Je ne suis pas très convaincu par cette annonce. Charles, en voyant les photos, repère une corde, accrochée au plafond, pour se pendre. Je demande l’adresse, pour regarder un peu les alentours sur Google Maps. Ils ne me rassurent pas. Collée au portail, une maison voisine s’annonce, dont l’agent immobilier s’est bien gardée de me parler. Elle me jure ses grands dieux que ce sont des Parisiens, qu’ils ne sont jamais là. Je pourrais décommander le rendez-vous de samedi, d’autant que le site de la SNCF formule de curieuses exigences. Pour être habilité à voyager au delà des cent kilomètres réglementaires, il faut produire un coupon, préalable à toute réservation de billet. J’achète les billets, et laisse Charles se débrouiller avec ce coupon, dont il ne trouve aucune trace, quelque manipulation qu’il fasse.
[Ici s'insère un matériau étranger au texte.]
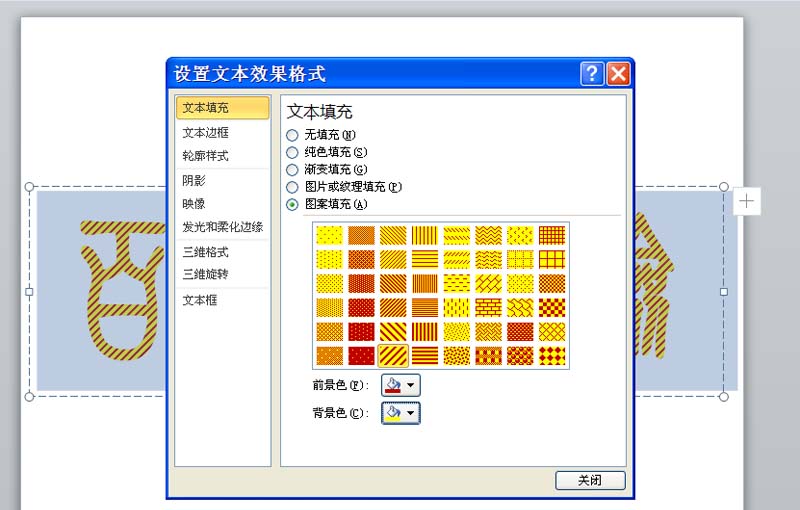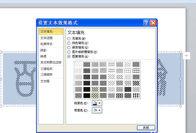 4、设置文本填充为图案填充,并选择自己喜欢的一种图案类型。
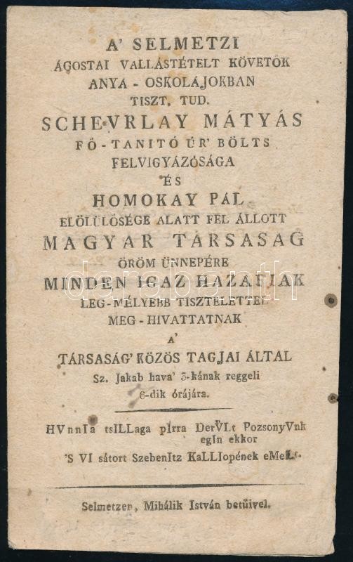 1827 2 db selmeci aprónyomtatvány (Selmecbánya, Mihálik István: A selmetzi magyar társaság öröm-ünnepe előtt és után éneklendő dall, mellyet Homokay Páltól szerezve négy hangra alkalmaztatott Platsko István. Kissé foltos, 4 p.; Meghívó a selmeci magyar társaság örömünnepére, programmal, kissé foltos, 4 p.
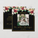 Elegant Black Gold Photo Burgundy Floral Photo Thank You Card
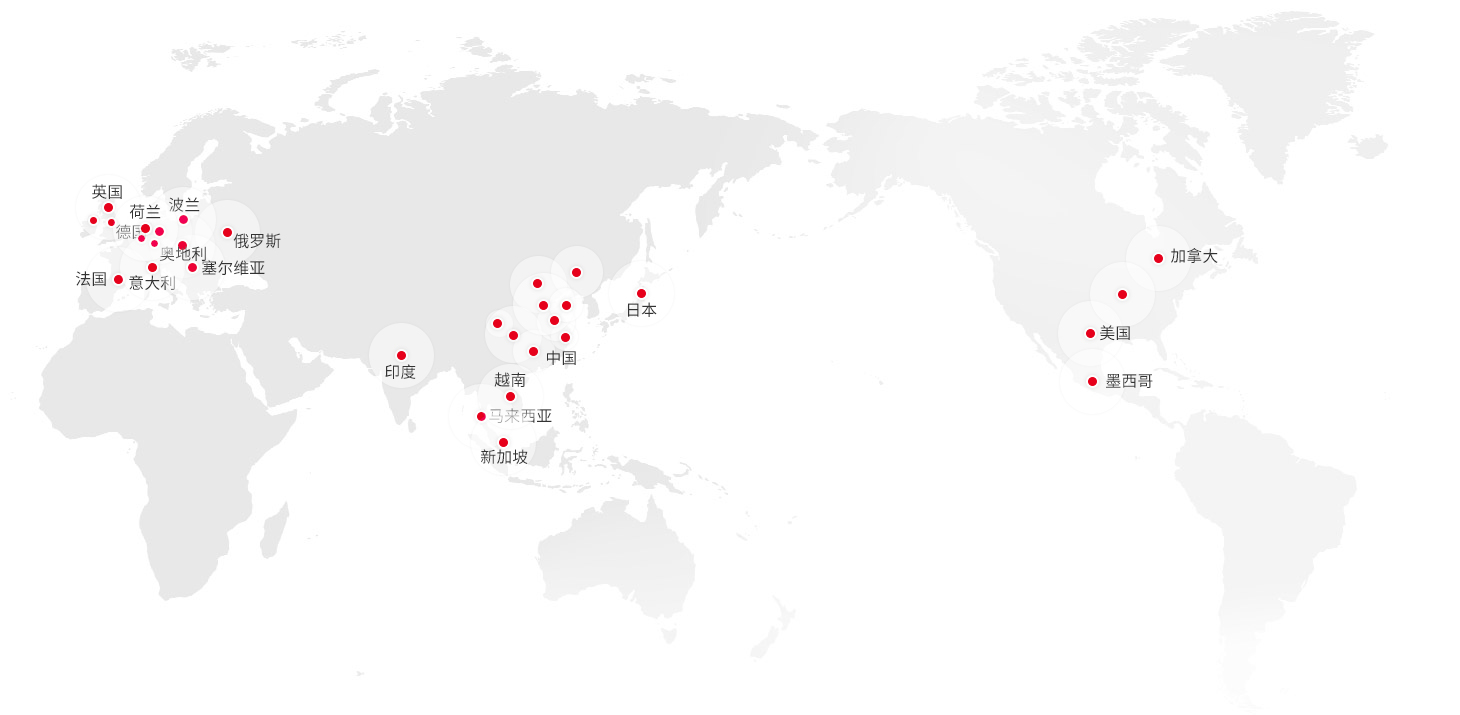 全球拥有3大制造基地,5大研发中心,42个工厂,销售及服务网络遍及全球100多个国家和地区

Cela fera au moins une balade, même si l’on nous arrête à l’entrée du quai. On passe sans problème. Impossible de trouver une place assise. En face d’un siège sur deux, un autocollant prescrit de garder ses distances. Les gens en profitent pour s’étaler, pour mettre leurs sacs. Charles, que j’envoie en éclaireur parmi les rangées, se voit refouler. On se replie sur des strapontins, sur lesquels on n’a pas le droit, en théorie, de s’asseoir côte à côte. Des familles se déversent dans ce petit espace, avec l’éternelle gamine qui essaie d’attirer mon regard, avec le père, un instant, dont les yeux croisent les miens. Je sens Charles prêt à en découdre avec ce spectacle de normalité. Il a emporté Le Grand Cahier, un livre que lui a conseillé Arthur et où il est question d’enfants qui martyrisent leur grand- mère. Cela lui tombe des mains. Peut-être dit-il cela pour me faire plaisir, car j’ai émis des réserves a priori sur la qualité littéraire de ce roman.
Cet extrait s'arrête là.